Fresh benchmark results (2026-04-21 on Apple Mac Mini, aarch64-apple-darwin):

  • HS suite: ripopt 118/120 (98.3%), Ipopt 116/120 (96.7%).
    15.0× geometric-mean speedup on 116 commonly-solved, median 14.2×,
    ripopt faster on 113/116 (97%). ripopt-only solves: HS214, HS223.
    Ipopt-only solves: 0.
  • CUTEst suite: ripopt 562/727 (77.3%), Ipopt 561/727 (77.2%).
    9.9× geometric-mean speedup on 525 commonly-solved, median 18.9×,
    ripopt faster on 440/525 (84%). ripopt-only solves: 37;
    Ipopt-only solves: 36.
  • Electrolyte thermodynamics: ripopt 13/13, Ipopt 12/13. 17.5×
    geometric-mean speedup on 12 commonly-solved.
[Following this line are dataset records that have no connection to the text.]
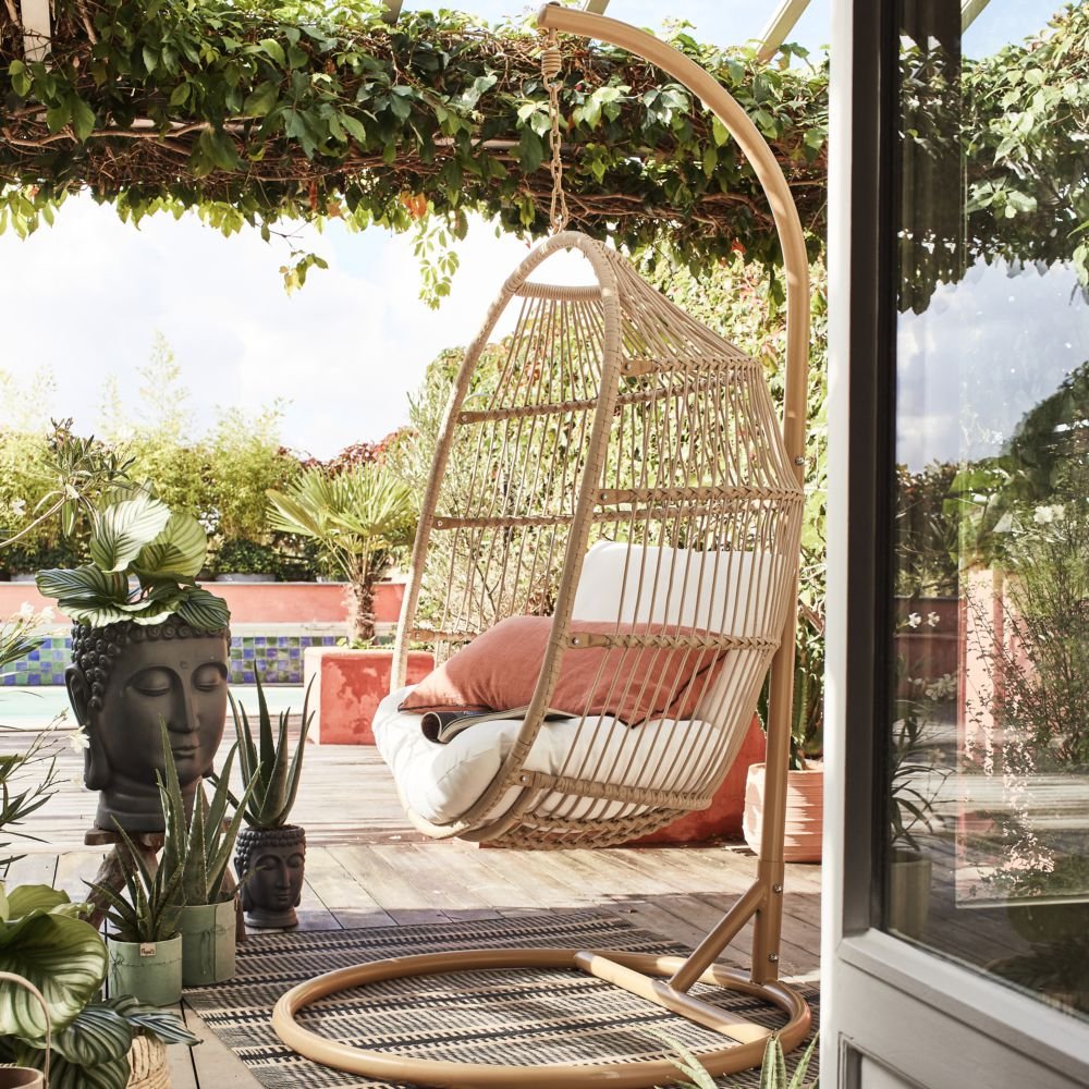 Venez découvrir notre fauteuil suspendu Poket. En effet, il allie à la fois la modernité et le confort. Grâce à son cordage et à sa forme d’œuf , il donne un côté design et contemporain à ce transat. Ce mobilier s’insérera parfaitement dans votre extérieur et administrera une touche de détente. Très utile, vous pouvez le plier et le ranger facilement. Il est léger et prend peu de place. Sa structure est fabriquée en acier, pour une grande durabilité. C’est une matière anti-corrosion, cet équipement convient donc près de la mer. Ce relax supporte les intempéries et les rayons de soleil. Grâce à la matière polyester présente dans le coussin, ce fauteuil est très confortable. Vous pouvez lézarder ou vous reposer pleinement. De plus, dans la même gamme, vous pouvez trouver le hamac suspendu.
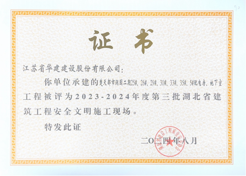近日,公司承建的楚天都市潤(rùn)園二期項(xiàng)目被湖北省建設(shè)工程質(zhì)量安全協(xié)會(huì)評(píng)為“2023-2024年度第三批湖北省建筑工程安全文明施工現(xiàn)場(chǎng)”和“2024-2025年度第一批湖北省建筑結(jié)構(gòu)優(yōu)質(zhì)工程”。
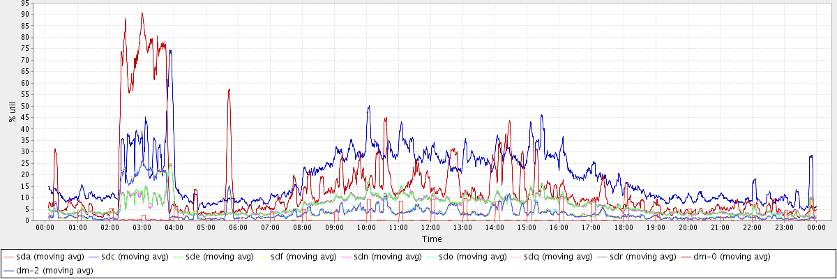 avg(sda) = 0.85 avg(sdc) = 3.87 avg(sde) = 6.47 avg(sdf) = 3.85 avg(sdn) = 6.43 avg(sdo) = 3.84 avg(sdq) = 6.51 avg(sdr) = 3.87 avg(dm-0) = 14.43 avg(dm-2) = 19.00
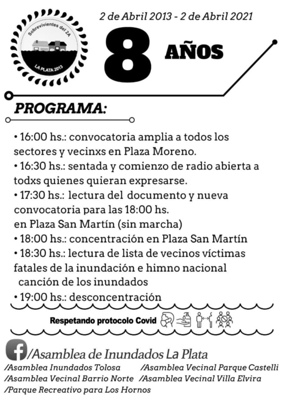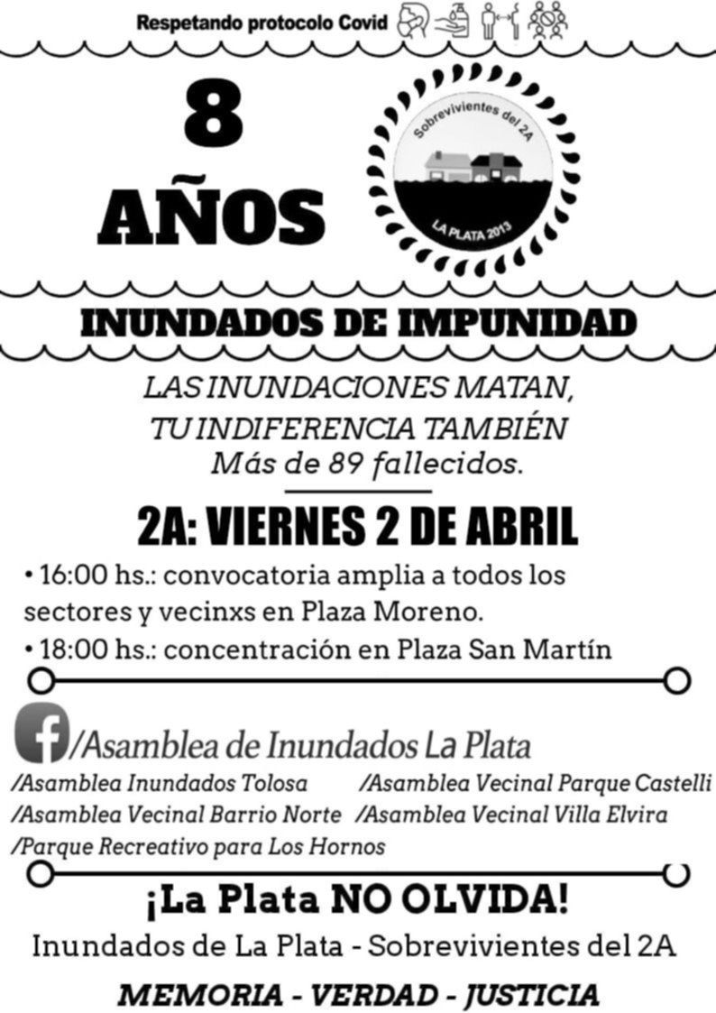 A ocho años y con un estricto protocolo por el COVID-19, las organizaciones de vecinos detrás de la propuesta convocaron a los platenses a movilizarse a las 18 de este viernes hasta las puertas del Palacio Municipal en Plaza Moreno y una hora después a concentrarse frente a la Gobernación bonaerense, en Plaza San Martín. Se exigirá justicia por todas las víctimas fatales y también se reclamará por obras y un plan integral para evitar que algo similar pueda volver a ocurrir en nuestra ciudad.

Seawater speciation
    now takes 1,415 iterations (was 22 at v0.6.2) under the stricter
    v0.7.0 convergence semantics, but still solves where Ipopt declares
    Infeasible.
  • Grid (AC OPF): ripopt 3/4, Ipopt 4/4. Geometric-mean 2.8× on
    the 3 commonly-solved. See Notes below for the case30_ieee
    regression.

Notes

  • case30_ieee regression. At v0.7.0 ripopt reaches MaxIterations
    on PGLib-OPF case30_ieee, regressing from v0.6.2 which converged
    to a different local minimum (obj=8,609.66, 4.6% above the known
    optimum of 8,081.52, compared to Ipopt's 8,208.52 at 1.6% above).
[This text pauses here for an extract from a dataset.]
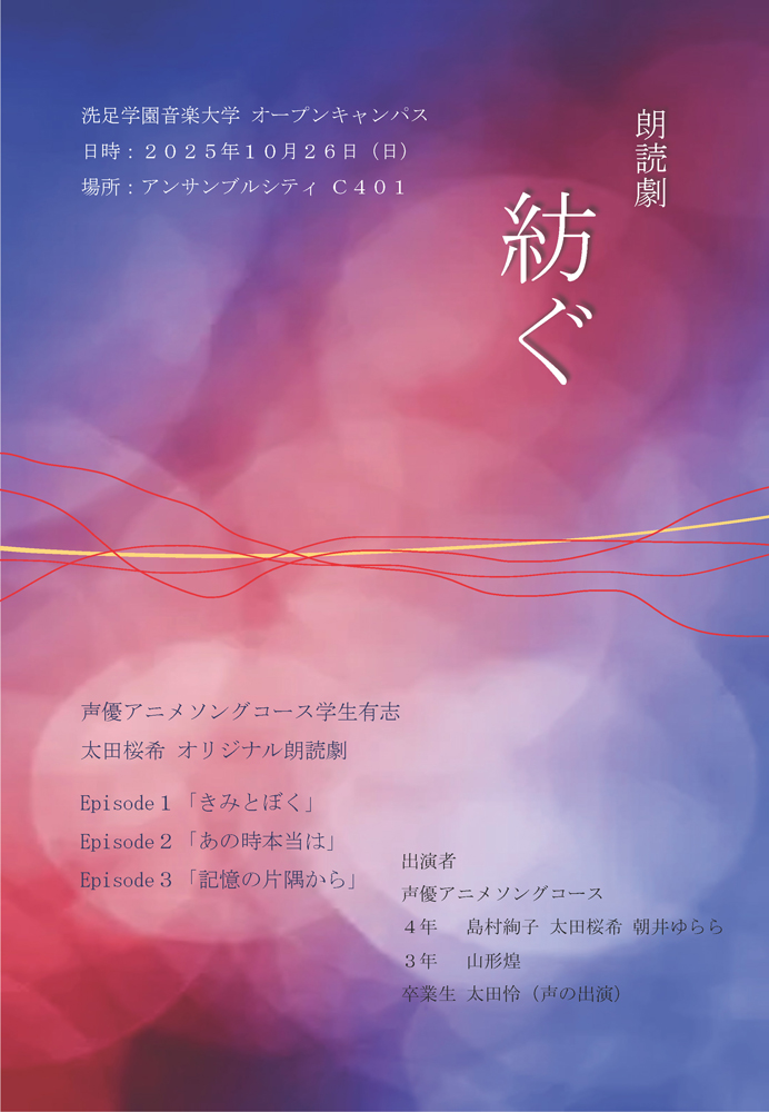 ●鈴木結女先生によるアニソン体験授業 ●朗読劇「紡ぐ」鑑賞 |
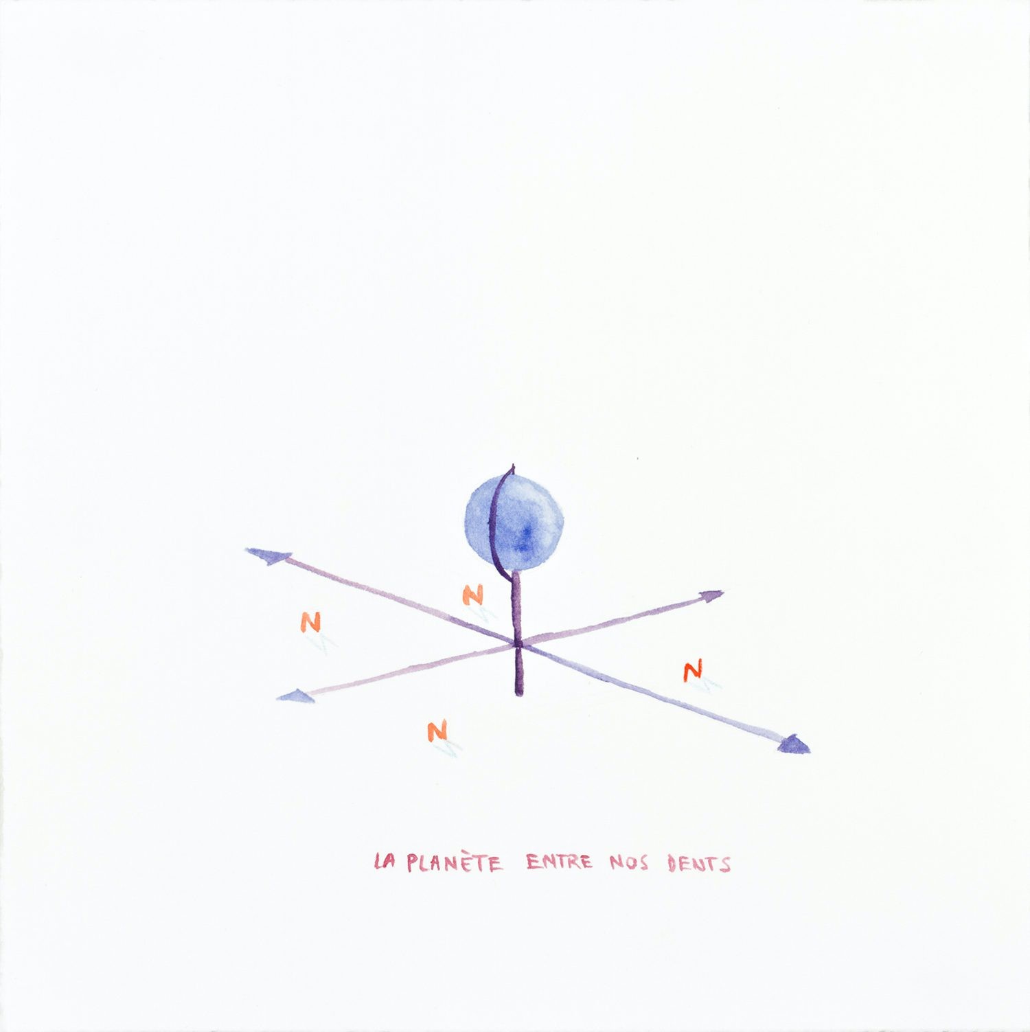 <figcaption> Massinissa Selmani, la planete entre nos dents, 2021. Watercolor, coloured pencil on paper, 22 x 22 cm. © ADAGP Paris - Courtesy Galerie Anne-Sarah Bénichou, Paris.

    The regression is a side-effect of dropping the n+m ≥ 100
    shortcut in factor_with_inertia_correction (66bce53): the
    stricter backward-error probe now perturbs more aggressively on
    this rank-deficient AC-OPF Jacobian. The v0.6.2 "solve" was in
    fact converging to a different local optimum than Ipopt, so this
    is less of a correctness regression than a robustness regression;
    still, ripopt now solves one fewer grid problem than it did at
    v0.6.2. Tracked for a future patch.
  • Poisson 2.5K large-scale benchmark. The Poisson 2.5K problem
    exhausts max_iter under the v0.7.0 convergence semantics and
    causes make benchmark to hang if run to completion; the large-
    scale sweep is therefore reported for the 4 problems that finish
    quickly (Rosenbrock 500, Bratu 1K, SparseQP 1K, OptControl 2.5K).
    Historical v0.6.2 timings for the other large-scale problems
    remain in benchmarks/large_scale/large_scale_results.txt. Full
    sweep is gated on a separate investigation.
  • ripopt-py on PyPI as ripopt-py (direct JAX-backed interface)
    and pyomo-ripopt (Pyomo plugin). Workspace crates stay on
    semver: ripopt → 0.7.0, rmumps unchanged at 0.1.1.